(ACTIVITY):
After locating the line that bears "Outdoor Pool, Tennis", restate word for word that line and the rest of the listing to its final line, excluding all pictures.

(PROVIDED MATERIAL):
----
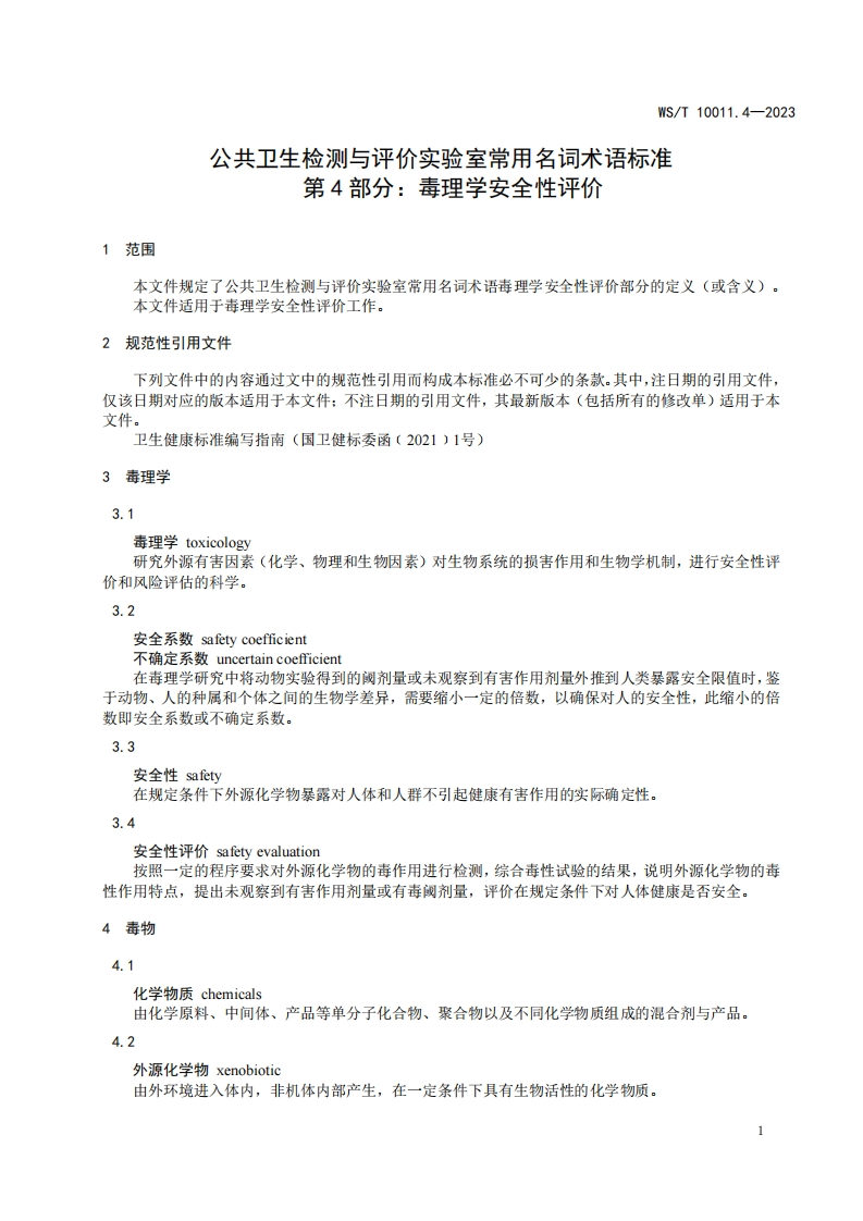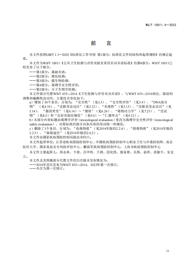 ICS11.020CCS C 61WS中华人民共和国卫生行业标准WS/T10011.4-2023部分代替WS/T455-2014公共卫生检测与评价实验室常用名词术语标准第4部分:毒理学安全性评价Standard of terms commonly used in public health testing and evaluation laboratoriesPart 4:Toxicological safety evaluation2023-12-15发布2024-05-01实施国家疾病预防控制局发布
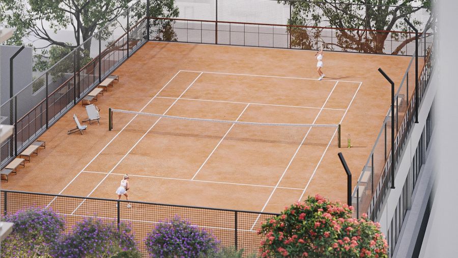 Outdoor Pool, Tennis Lounge, Tennis Court, Pet Place, Mini Market, Delivery Room.
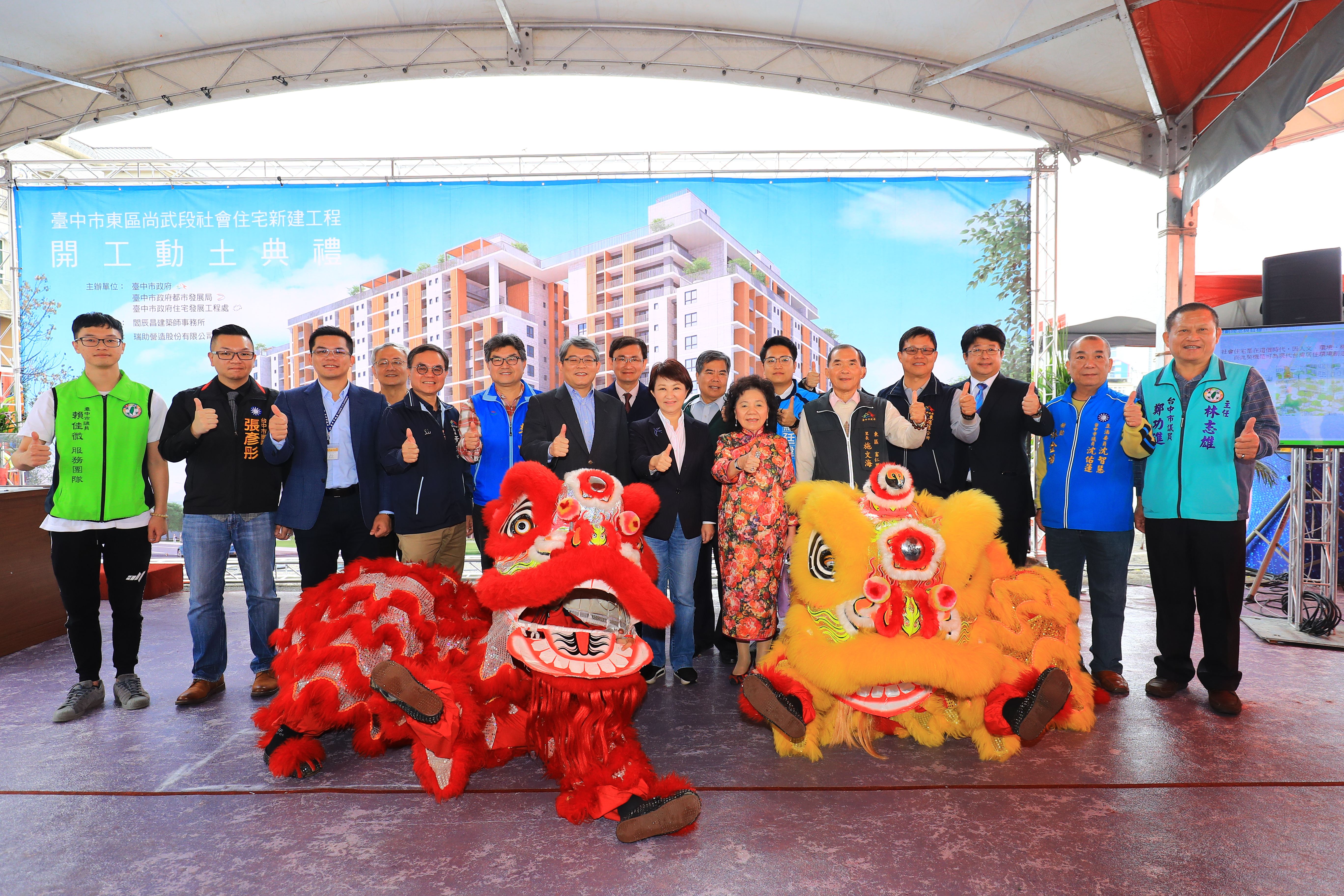 台中市社會住宅已完成豐原安康段第一期,大里區光正段第一期也預計於今年5月入住,台中市政府持續建設友善共好社宅社區,今(10)日舉行「東區尚武段」動土典禮,提供802戶住宅單元,是台中市首座社會住宅百分之百融資興建典範,減輕市府財政負擔。市長盧秀燕表示,台中市社會住宅未來將在市府與內政部通力合作下將加速進行,打造社會住宅成為地區的指標「landmark」,達到人口引入的效果,活化區域經濟,帶動地方繁榮。
----
(RESPONSE TO THIS TASK):
 Outdoor Pool, Tennis Lounge, Tennis Court, Pet Place, Mini Market, Delivery Room.
 台中市社會住宅已完成豐原安康段第一期,大里區光正段第一期也預計於今年5月入住,台中市政府持續建設友善共好社宅社區,今(10)日舉行「東區尚武段」動土典禮,提供802戶住宅單元,是台中市首座社會住宅百分之百融資興建典範,減輕市府財政負擔。市長盧秀燕表示,台中市社會住宅未來將在市府與內政部通力合作下將加速進行,打造社會住宅成為地區的指標「landmark」,達到人口引入的效果,活化區域經濟,帶動地方繁榮。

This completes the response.